Служанка вздрагивает и уходит. А доктор вытянул свои толстые ручищи и сгреб в охапку столик. Мсье Ахилл счастлив – он хотел бы привлечь внимание доктора. Но тщетно он болтает ногами и подпрыгивает на скамье – он так мал, что его не слышно.
Служанка приносит кальвадос. Кивком она указывает доктору на его соседа. Доктор Роже медленно разворачивается всем корпусом: шея у него не гнется.
– А, это ты, старое отребье, – кричит он. – Еще не сдох? И вы впускаете эдакий сброд? – обращается он к служанке.
Он глядит на человечка своим хищным взглядом. Прямой взгляд, который все ставит на свои места.
– Старый псих – вот кто он такой.
Доктор Роже даже не дает себе труда показать, что шутит. Он знает: старый псих не рассердится, он расплывется в улыбке. Так и есть – тот униженно улыбается. Старый псих расслабился, он чувствует: его защитили от него самого, сегодня с ним ничего не случится. И самое ужасное: я успокоился тоже. Так вот что со мной такое – я всего-навсего старый псих.
Доктор смеется, он бросает на меня призывный взгляд сообщника; без сомнения, из-за моего роста – да и рубашка у меня чистая – он готов пригласить меня участвовать в его шутках.
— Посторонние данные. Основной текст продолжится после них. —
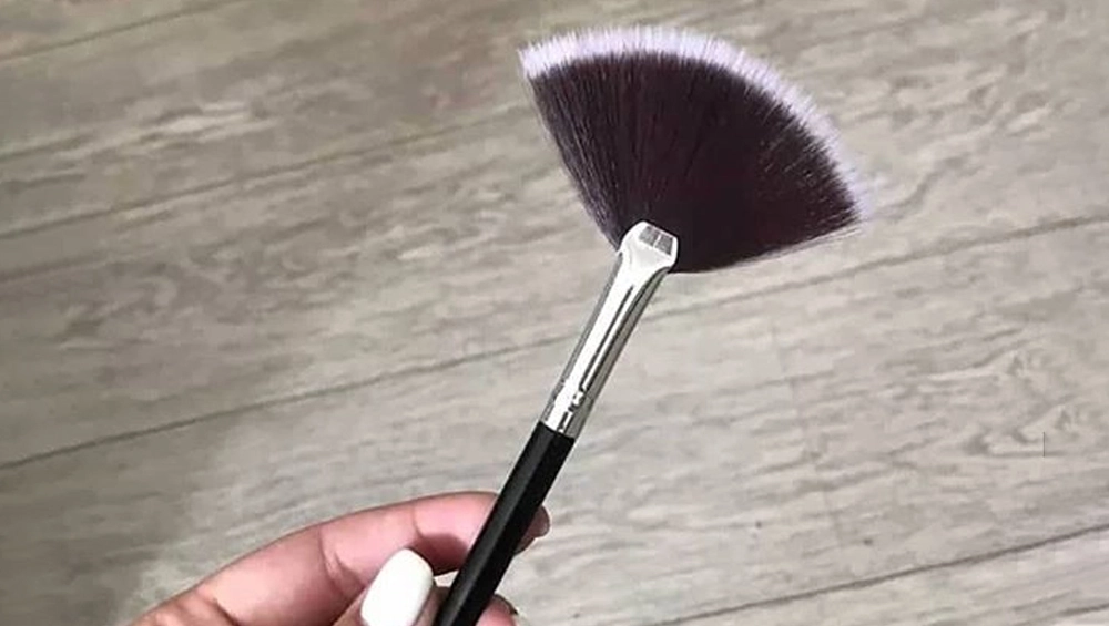 A fan brush is used mostly for highlighter as it gets the highest points of the face, without distributing the product all over the face. These can also be used for very strong and pigmented blush as they give a soft look.

Я не смеюсь и не отвечаю на его заигрывание – тогда, не переставая смеяться, он испытывает на мне устрашающий огонь своих глаз. Несколько секунд мы неотрывно смотрим друг на друга: прикидываясь близоруким, доктор меряет меня прищуренным взглядом – он обдумывает, к какому разряду меня отнести. К разряду психов? Или к разряду проходимцев?
И все– таки первым отводит глаза он -подумаешь, спасовал перед каким-то одиночкой, никакой общественной значимости не имеющим, стоит ли об этом тужить, это тут же забудется. Доктор сворачивает сигарету, закуривает и сидит неподвижно с застывшим и жестким, как это бывает у стариков, взглядом.
Хороши морщины – они у него всех видов: поперечные рытвины на лбу, гусиные лапки у глаз, горькие складки по обе стороны рта, не говоря уже о желтых веревках, висящих под подбородком. Повезло доктору – увидев его еще издали, всякий скажет: вот человек, который страдал и который пожил в свое удовольствие. Впрочем, доктор заслужил свое лицо: он ни на миг не усомнился в том, каким способом удержать и использовать свое прошлое, – он взял да и набил из него чучело, превратил в опыт для поучения женщин и молодых людей.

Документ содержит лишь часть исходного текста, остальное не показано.